Material provided:
• • • • •
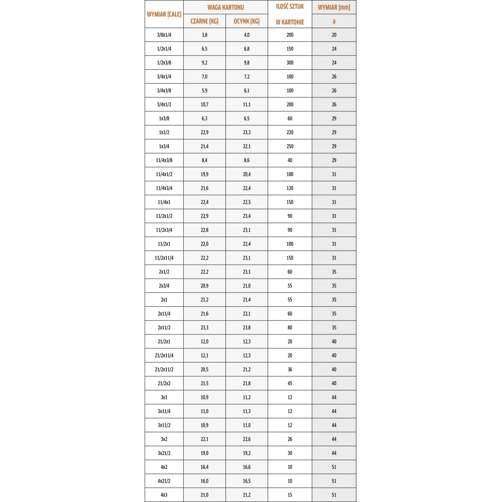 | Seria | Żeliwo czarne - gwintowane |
• • • • •
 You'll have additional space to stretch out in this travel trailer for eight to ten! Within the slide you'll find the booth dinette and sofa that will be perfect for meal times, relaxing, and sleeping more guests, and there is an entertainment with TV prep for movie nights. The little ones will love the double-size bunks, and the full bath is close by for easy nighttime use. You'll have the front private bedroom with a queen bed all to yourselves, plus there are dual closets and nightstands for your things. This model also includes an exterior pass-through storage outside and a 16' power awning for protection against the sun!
• • • • •
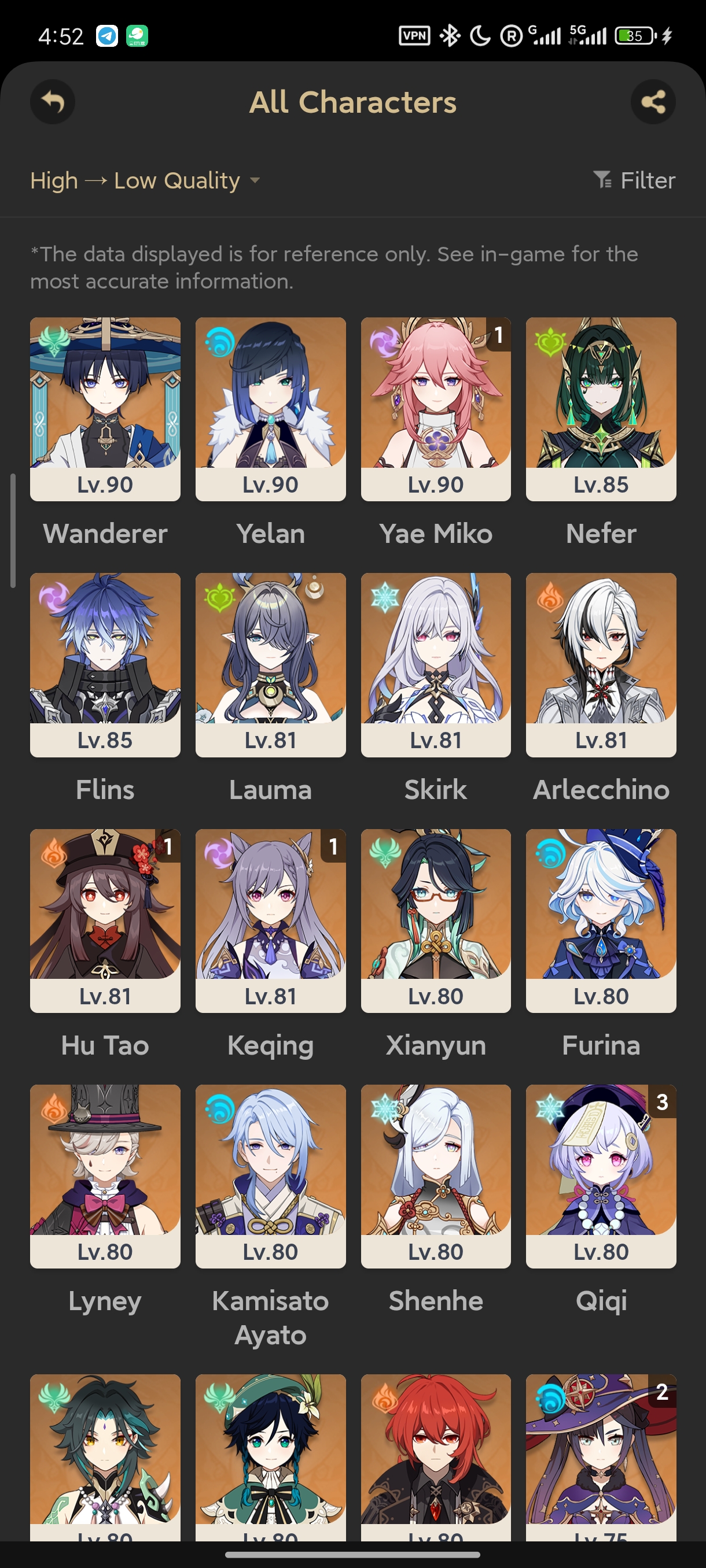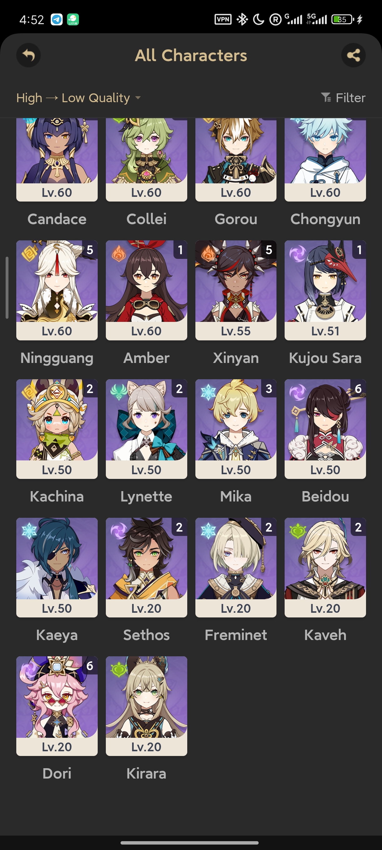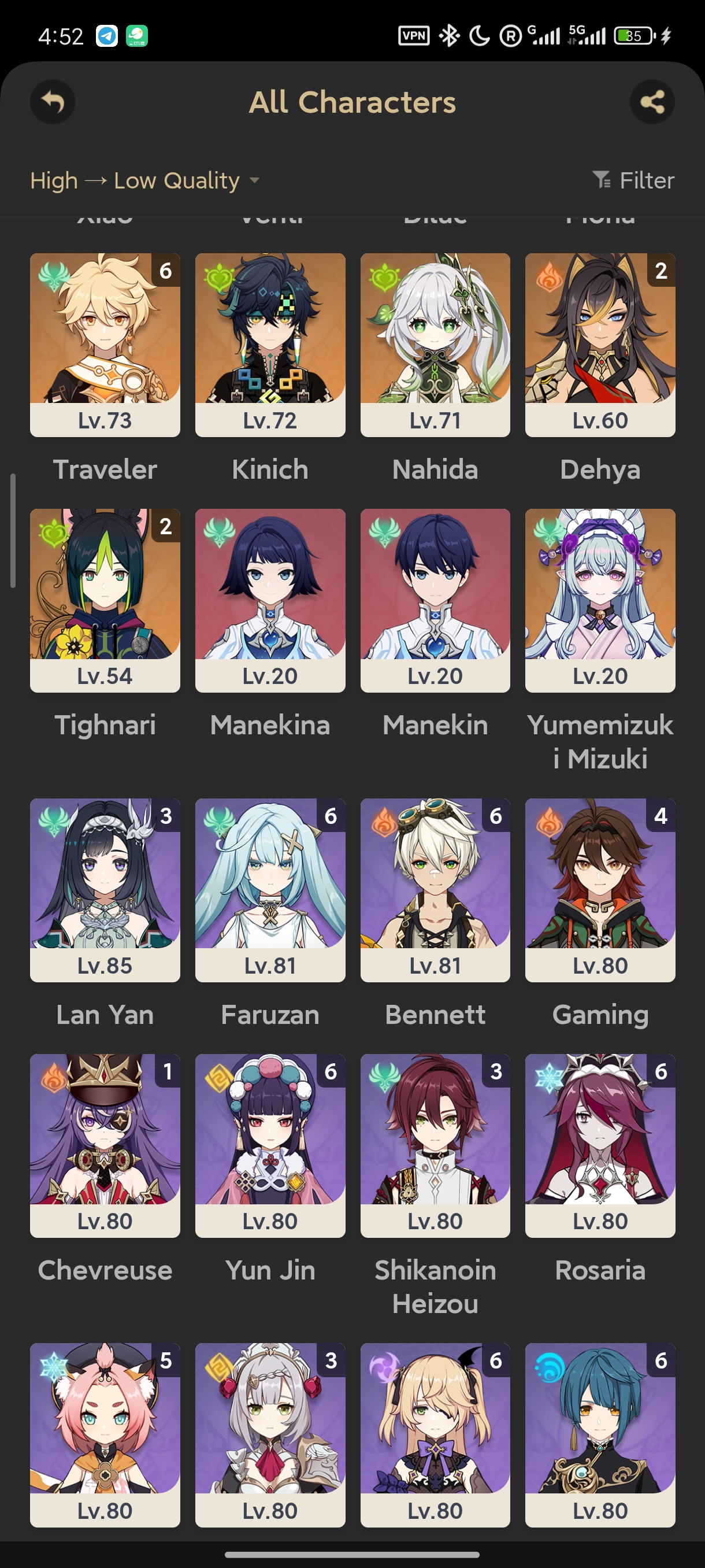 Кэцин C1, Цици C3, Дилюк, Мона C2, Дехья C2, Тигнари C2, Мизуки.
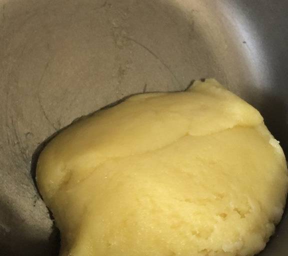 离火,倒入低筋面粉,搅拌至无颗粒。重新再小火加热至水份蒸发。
• • • • •
Task instructions:
I would like the exact lines from the data above, starting with the one that holds "Кэцин C1, Цици" and going on through the one that holds "离火,倒入低筋面粉,搅拌至无颗粒。重新再小火加热至水份蒸发。", without the pictures.

Answer:
 Кэцин C1, Цици C3, Дилюк, Мона C2, Дехья C2, Тигнари C2, Мизуки.
 离火,倒入低筋面粉,搅拌至无颗粒。重新再小火加热至水份蒸发。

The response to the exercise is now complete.